What is INZ looking for from accreditation applicants?

Employers of migrant workers must have adequate training programmes in place and be able to furnish proof that these programmes are indeed meaningful and real. Training should be ongoing, not one-off or sporadic, and not limited to learning to perform the role. Rather, it should be part of a systemic approach to professional development and building transferrable skills. Training should show upskilling or new skills acquisition for junior or newly hired employees while creating pathways for promotion and pay rises.

Again, INZ is looking for a track record: Policies have been implemented, they’re operational, and people are being put through them – and coming out more qualified on the other end.

The employer must also demonstrate a commitment to training and recruiting locals. To show that you’re not simply relying on overseas workers, you need proof that you actively train New Zealand citizens or residence-class visa holders where possible – and that they make up the majority of your workforce.

Don’t even try faking it – or half-arsing it!

While immigration officers may rely on employer declarations about compliance, they have the discretion to investigate – and they’ve got the time and resources to do so. Expect a thorough examination and prepare for that.

In one case, an employer had had training programmes in place for years: toolbox programmes, HR policies, health and safety policies – you name it. Believing they were ready to simply push it across the line, they were soon disappointed to learn that their reporting wasn’t detailed enough to pass muster. Redoing all this to INZ’s satisfaction cost them a lot of money, time, and energy. In cases where documents had been recently updated, they had to go digging through old records and emails to establish a credible history.

All of this is avoidable if you know the game now and do it right the first time.

5 Things Employers Should Do NOW

1. Get your house in order. Start by getting up to speed on the criteria you need to meet. Look at what you have in place, what you don’t, and where the gaps are.

2. Create an action plan. Align your HR and training programmes with INZ criteria as closely as possible. They’re already backlogged and lean heavily on decision-tree thinking, so make it easy for INZ to give you the stamp of approval.

3. Roll programmes out well in advance. Doing so well before you lodge your application will give you a huge head start, allow for amendments, and help establish a credible timeline. Once again, the longer your policies have been in play, the more evidence you’ll have and the stronger your case will be.
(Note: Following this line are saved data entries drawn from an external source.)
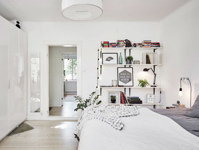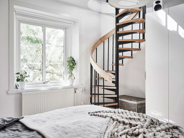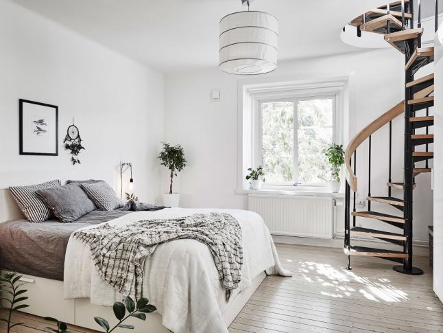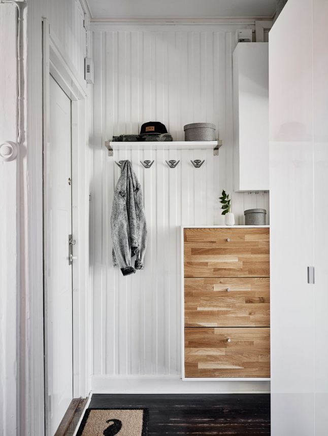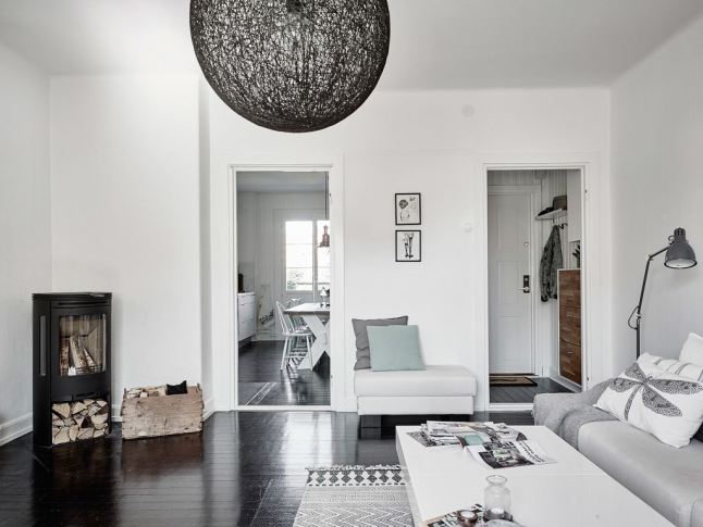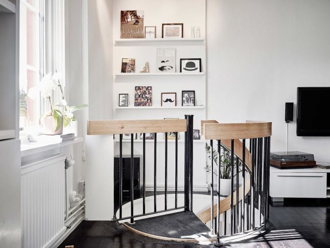 Eso hablando de mobiliario, si además hablamos de como mezclan lo nuevo, lo viejo y lo recuperado ya es otro nivel, este duplex empieza con líneas rectas, vemos cajas de madera que tienen pinta de ser bastante antiguas, la ya más que socorrida GUITARRA ESPAÑOLA (podéis ver el post que le dedique a este detalle aquí) todo en blanco y negro con un mint empolvado como único color.
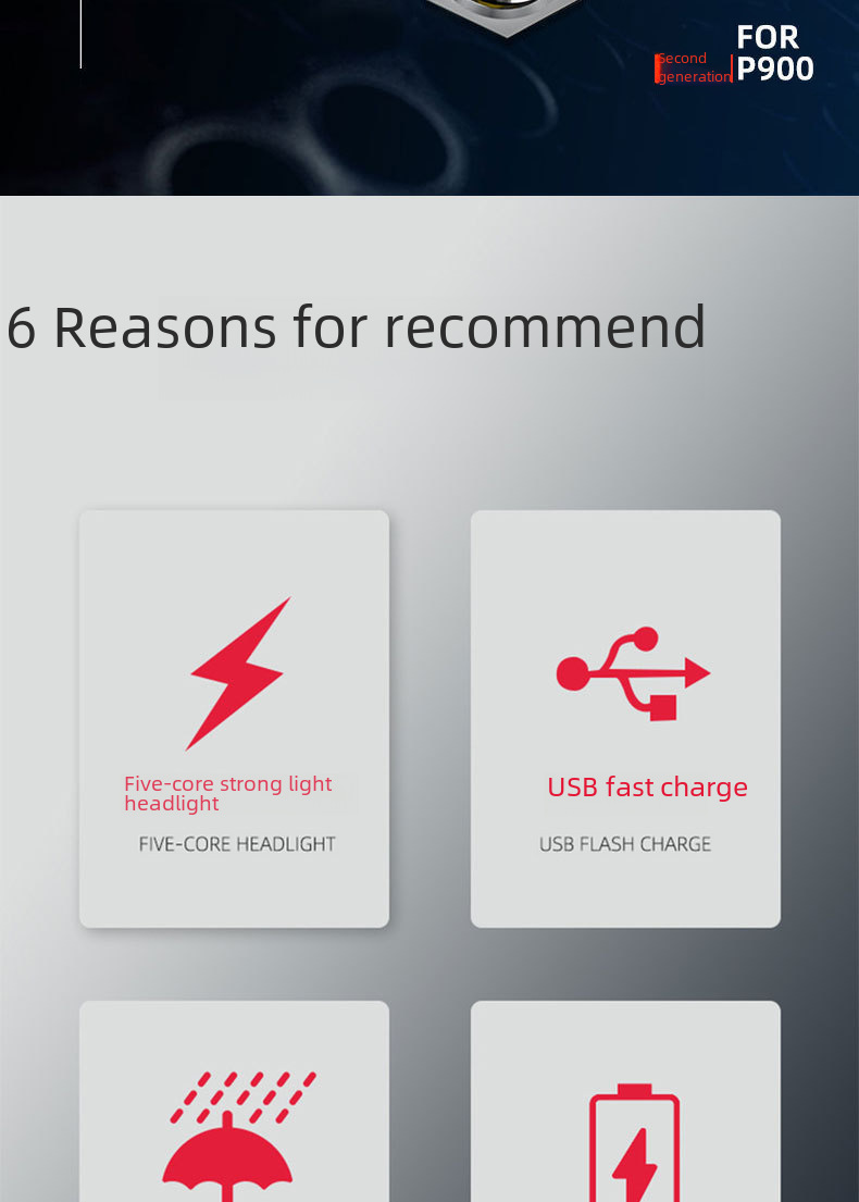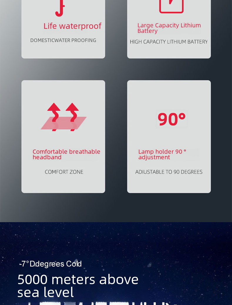 - Headlight + headband + USB cable + packing box
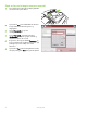 Udskiftning af hæftepatroner 1 Åbn dækslet til hæfteren. 2 Fjern hæftekassetten ved at trække det grønne håndtag, som er placeret foran kassetten, frem, og derefter trække kassetten lige ud. 3 Fjern hæftepatronen fra kassetten ved at trykke ind ved pilene på hver side og derefter trække op for at frigøre patronen. 4 Indsæt den nye hæftepatron i hæftekassetten. Skub patronen lige ned, til den klikker på plads. www.hp.
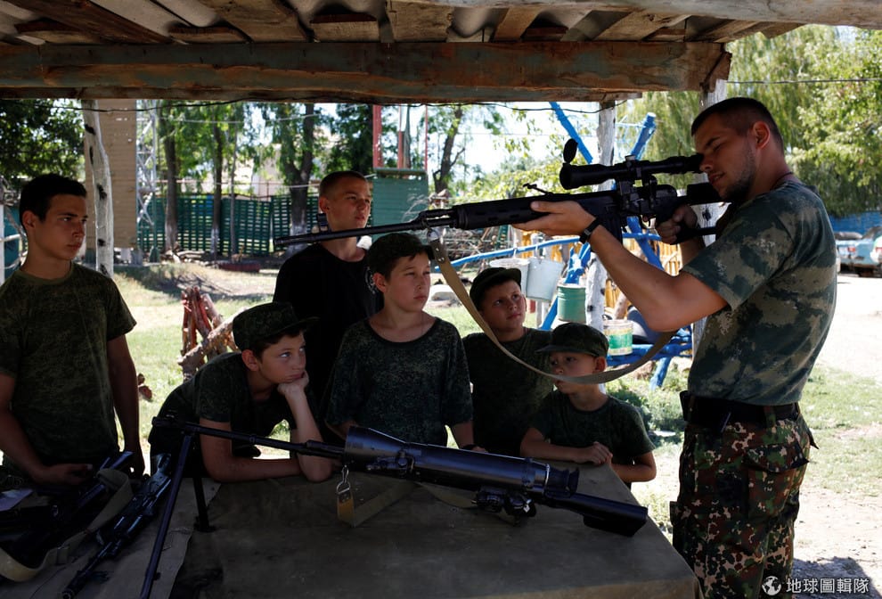 路透社在「俄國武士」夏令營中,教官們正在教學生如何使用武器。
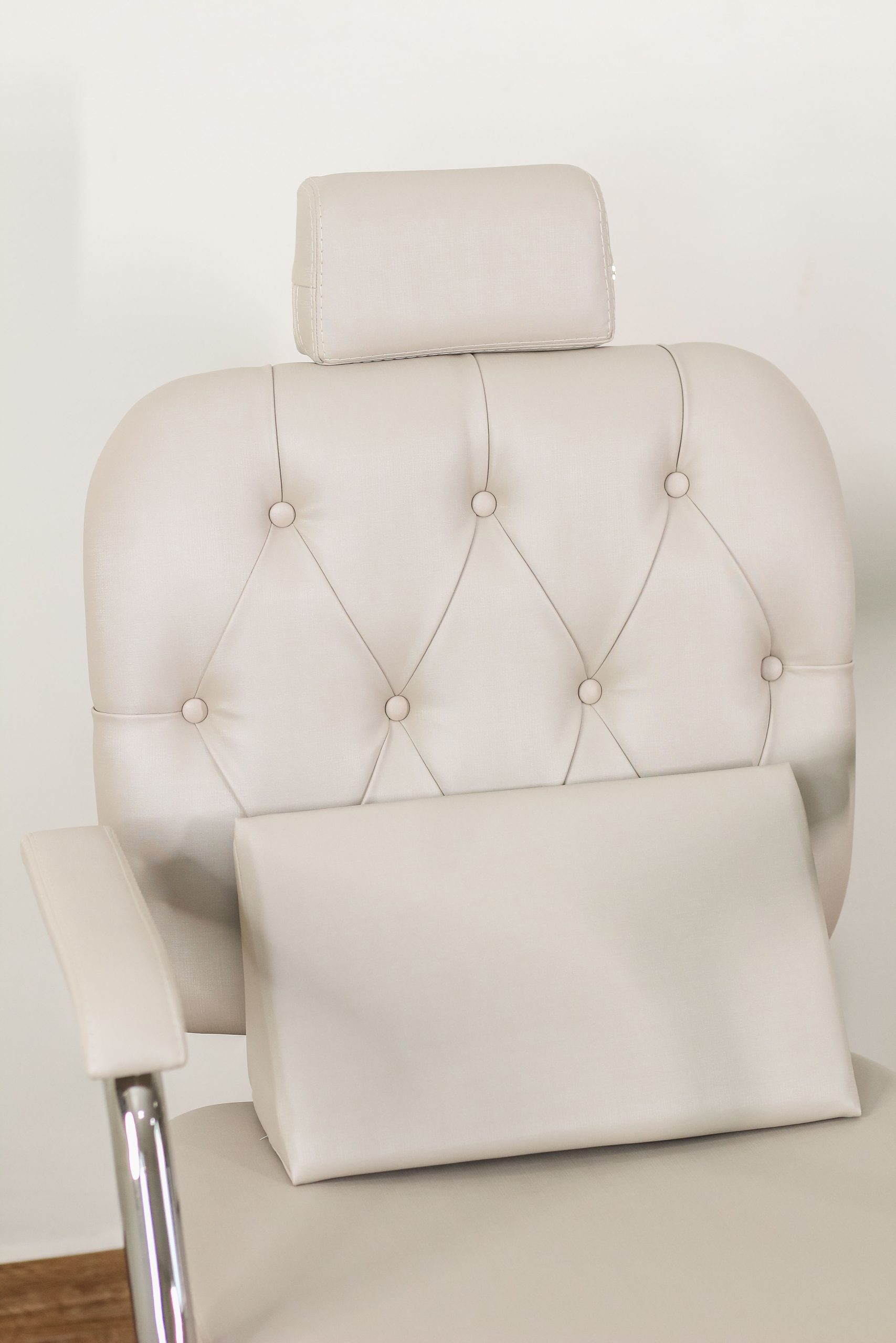 Por fim, o suporte lombar complementa o conjunto, proporcionando suporte e alívio para as costas dos cliente em atendimento. Com sua estrutura anatômica e ajustável, ele se adapta à curvatura da coluna vertebral, aliviando a pressão nas costas e evitando possíveis dores e lesões.

4. Don’t leave it too late! Businesses applying under the old regime have been told to expect a turnaround of 8 to 12 weeks. From our experience, it can take 4 weeks just your application to land on an officer’s desk! And processing times are likely to become even longer as applications flood in under the new system in mid 2022. Many a New Zealand employer will be looking to renew work visas for existing staff so as not to disrupt future hiring plans.

5. Seek professional advice. Get an assessment of your current situation. You need an expert on the ins and outs of ever-changing immigration law who can advise you on exactly what you need to do to get your accreditation application over the line.

In the meantime, use the new work visa rules for your existing employees, as they offer them many benefits. Although these rules expire on 30 June 2022, they allow existing employees to get a two or three-year work visa fairly easily.

If you need only to renew work visas but don't employ any more foreign nationals after accreditation becomes mandatory, you can buy yourself time before you opt into the accreditation regime.